Wednesday, more of the 100 plus runners at the Boston Marathon representing Alabama have returned to the State. With them, are coming their many stories about what happened Monday, when bombs exploded near the finish line.
The closest to the explosions was Mountain Brook physician, Scott Weisberg. Weisberg crossed the finish line 3 seconds before the first bomb exploded at the Boston Marathon Monday.
Dr. Scott Weisberg witnessed the smoke fill the air after the explosion. "I had literally just crossed the finish line and as soon as I had basically walked over the runners mat and was starting to walk… all of a sudden there was this big sound of explosion," Weisberg said.
Alabama runner, Tim Coghil, was a block away when the first bomb went off. "I couldn't tell what happened," Coghill reported. "It shook the ground. It was really loud."

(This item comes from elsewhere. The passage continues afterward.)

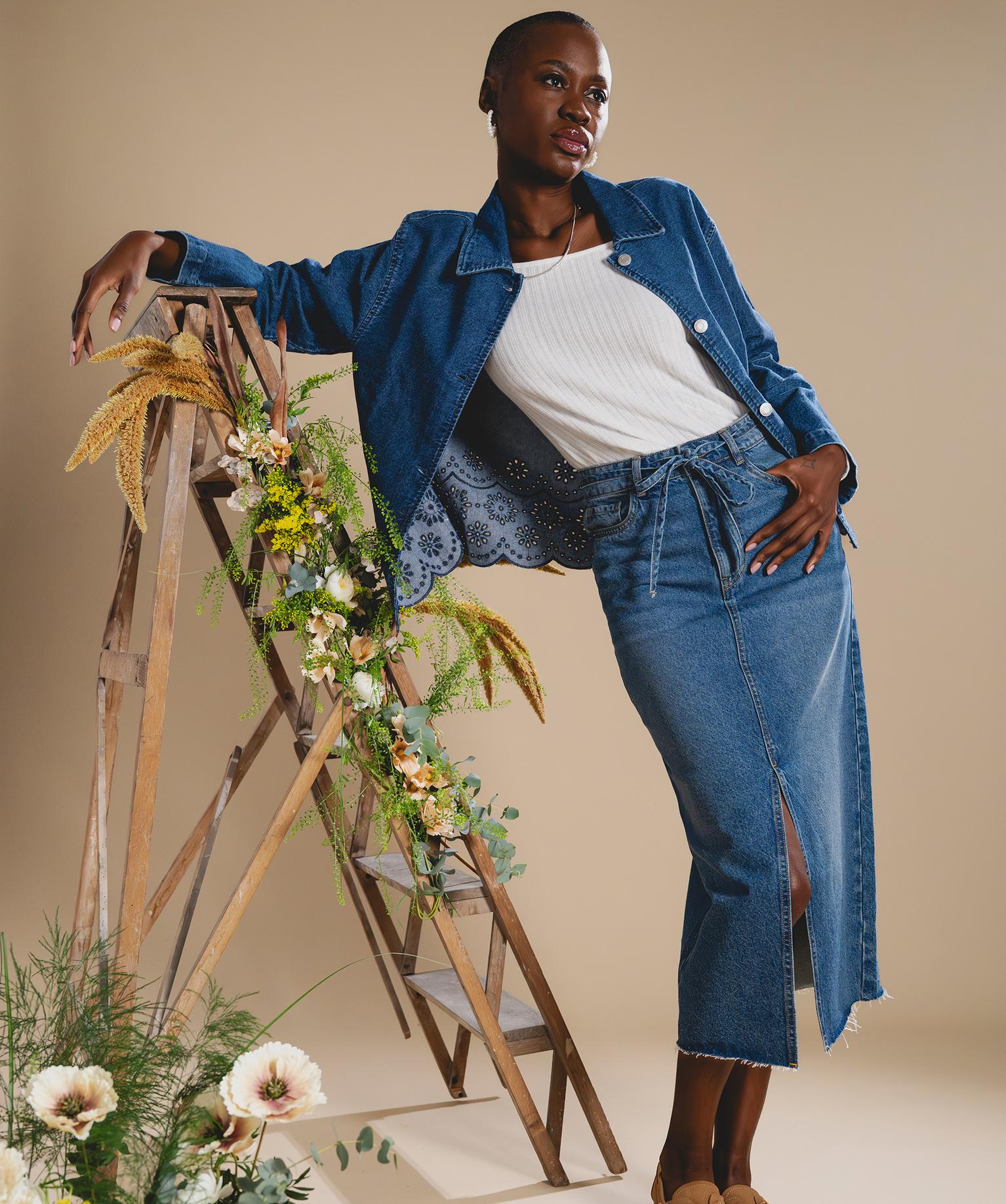 Cette jupe en jean longue pour femme revisite le jean classique avec une touche moderne. Sa coupe droite ajustée met la silhouette en valeur tout en restant confortable à la marche grâce à la séduisante fente devant. Le bas à bords francs accentue son look casual et authentique. Confectionnée en denim 100% coton, cette jupe longue est subtilement délavée. On lui retrouve les codes essentiels du jean : trois poches rivetées devant, deux poches plaquées au dos et une fermeture zip + bouton. La ceinture amovible à nouer sous passants permet de marquer la taille et d'accessoiriser le modèle. Une jupe en jean à porter avec un débardeur côtelé et des mules.
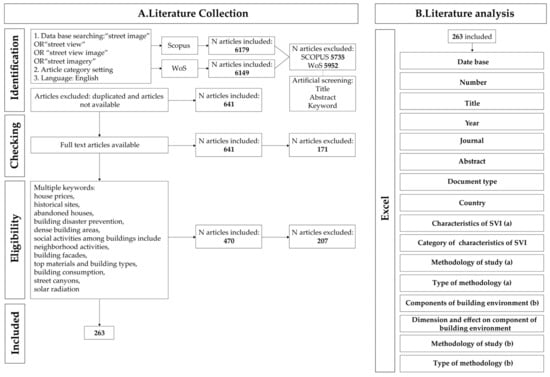 The second step was to retrieve articles from the databases. Relevant topic papers were selected from journals using search terms in two academic databases (Figure 1). The first screening phase was performed by searching for titles, abstracts, authors, and keywords. Then, we excluded articles that were not available in full-text form as a second check. Multiple keywords were used to conduct a third eligibility check to capture the different trending items in building environment research, such as house prices, historical sites, and neighbourhood activities. Finally, the acquired literature was analysed based on the content, methodology, and year, among other factors (Figure 1). Since Google Maps first launched SVI in 2007, this paper captured the academic literature on the use of panoramic street images for urban built environment research published from 1 January 2007 to 7 April 2022, a span of fifteen years. Figure 1 shows the whole process of review in detail, and 263 related pieces of literature (n = 263) were ultimately obtained.

Local runner, Blake Trotter, got back from the race Tuesday evening. He was in his hotel room only a few hundred yards from the finish line. "We felt it shake our building and shake our windows," Trotter said.
Alabamian, Cecile Franklin returned home Tuesday from the Boston Marathon to accept a volunteer award for her work with young girl runners. She says no one was focused on how much the race was impacted by the explosions. Instead, their hearts were with the victims. "It was like the whole spectrum of human emotions from the height of exhilaration and joy to the depths of terror and death," Franklin reports.